O Zé dos Votos deu ouvidos ao Zé dos Tostões: a crise que a pague quem não a pode pagar. Este é o mais recente ovo de Colombo descoberto pelas elites nacionais! Na reunião do Conselho Permanente da Concertação Social, do dia 24 de Setembro, “o primeiro-ministro afirmou que levava da reunião a necessidade de alargar o esforço a todos. E foi isso que afirmou à saída: a contribuição também do capital e do património, de “impostos directos” e do “esforço que já estava pensado para o reescalonamento do IRS”, afirmou. Aumentar ou reduzir o IVA está fora de questão. A tributação sobre o tabaco irá subir.” (jornal Público, 25.09.2012, pág. 3).

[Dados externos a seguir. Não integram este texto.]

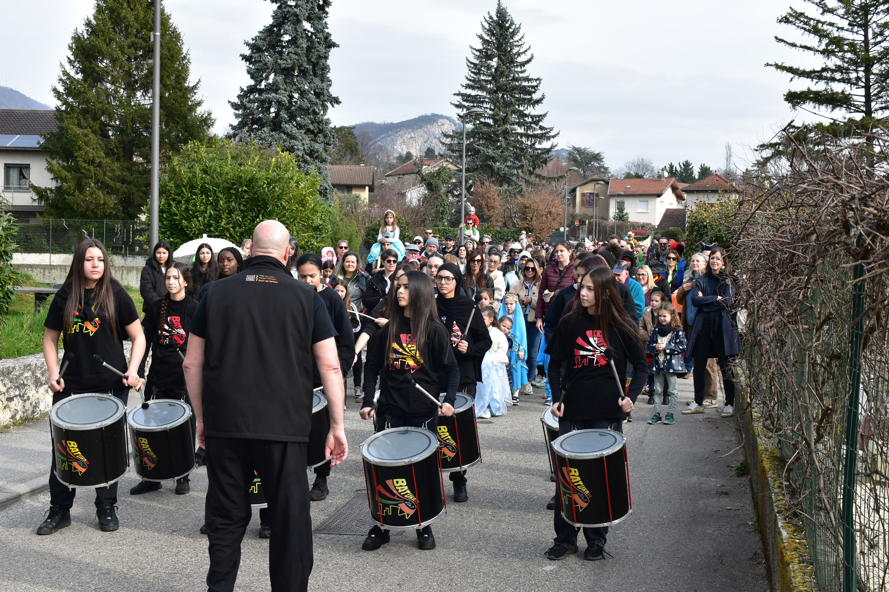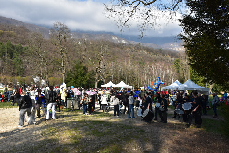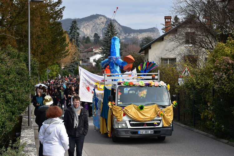 Le cortège est parti de la place Hector Berlioz, animée par le marché du samedi, pour rejoindre le parc de la Bâtie. En tête, le char "gambas géante", décoré par les habitants lors d’ateliers intergénérationnels à La Cascade, et la BatukaVI, batucada d’enfants de la région grenobloise, ont rythmé le défilé et mis tout le monde dans l’ambiance.

Lucky Luke. Versão original

“A tributação sobre o tabaco irá subir”. Qual é a situação atual? “Portugal tem uma das mais elevadas incidências fiscais totais sobre os cigarros na UE-15 e um dos níveis de preços relativos dos cigarros (considerando as disparidades de poder de compra) mais oneroso da UE-15 – para que se perceba, na compra de um maço de tabaco, 80% reverte para impostos” (http://www.dinheirovivo.pt/Economia/Artigo/CIECO038508.html, acedido 25.09.2012). A fazer fé nesta informação, quem consumir um maço de tabaco por dia está a depositar, ao preço atual, 1 139 euros, por ano, nos cofres do Estado. Um bom subsídio de férias!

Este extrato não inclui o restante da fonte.